The 2013 collection also expanded the character (opacity, sphericity) of these marekanites at the source. All of the marekanites from both localities are sub-rounded. A few of the samples from Feathery Hill are entirely mahogany to black/mahogany, not seen in the earlier collections or noticed in the archaeological record. The character varies from nearly opaque black to nearly transparent with black banding. There is no detectable elemental differences between colors.

Findlow, F.J., and M. Bolognese, 1982, A preliminary analysis of prehistoric obsidian use within the Mogollon area. In P.H. Beckett (Ed.) Mogollon Archaeology: Proceedings of the 1980 Mogollon Conference, pp. 297-316. Ramona, California: Acoma Press.

Hughes, R.E., 1988, Archaeological significance of geochemical contrasts among southwestern New Mexico obsidians. Texas Journal of Science 40:297-307.

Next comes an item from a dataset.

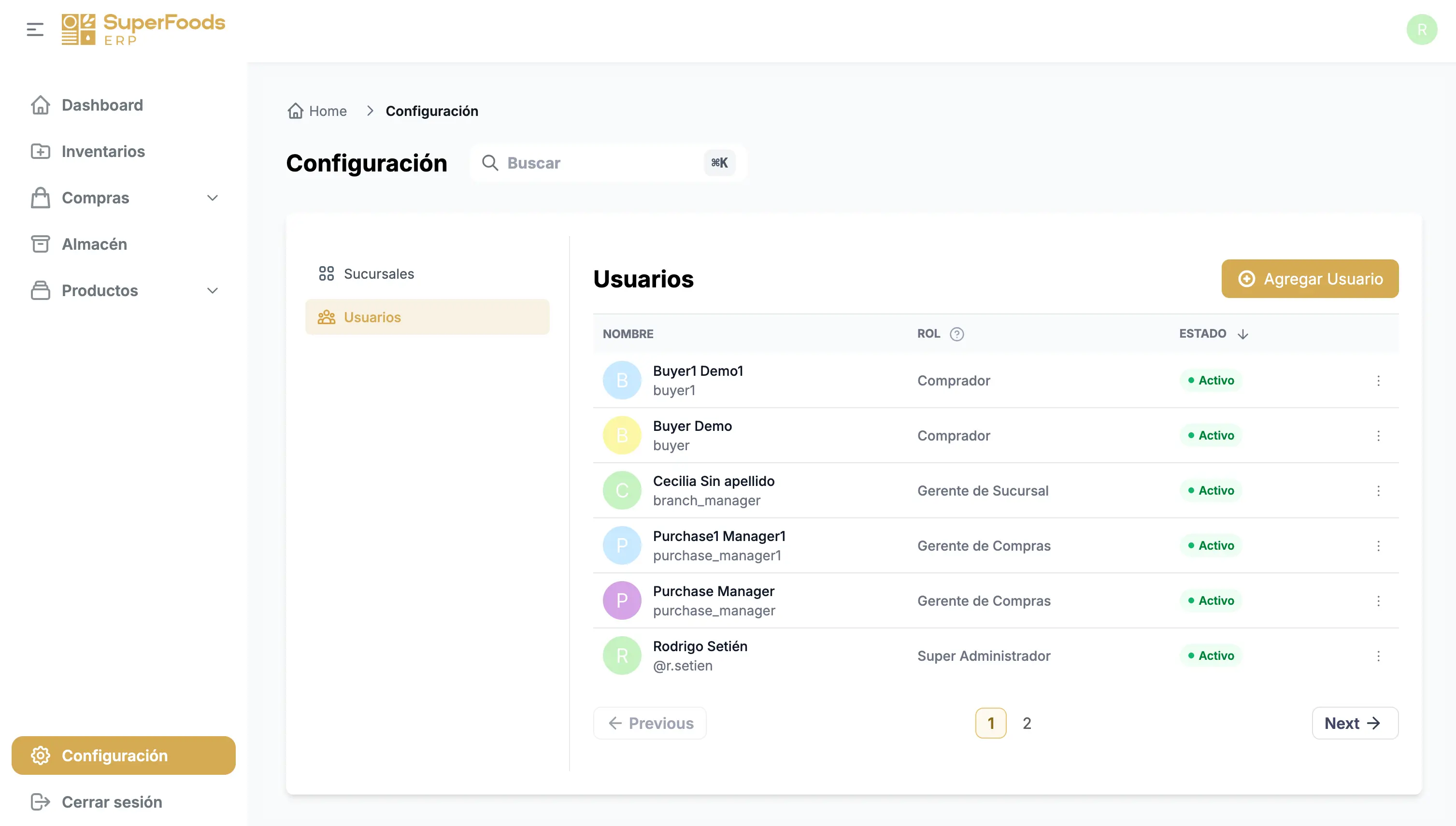 - Roles y Permisos: Administrador, Gerente de Sucursal, Gerente de Compras, Gerente de Almacén y Comprador

Ratté, J.C., R.F. Marvin, and C.W. Naeser, 1984, Calderas and ash flow tuffs of the Mogollon Mountains, southwestern New Mexico. Journal of Geophysical Research 89:87113-8732.

Shackley, M.S., 1988, Sources of archaeological obsidian in the Southwest: an archaeological, petrological, and geochemical study. American Antiquity 53:752-772.

Shackley, M.S., 2005, Obsidian: Geology and Archaeology in the North American Southwest. Tucson: University of Arizona Press.

Weber, R.H., and M.E. Willard, 1959, Reconnaissance geologic map of Mogollon 30 minute quadrangle. New Mexico Institute of Mining and Technology, Socorro.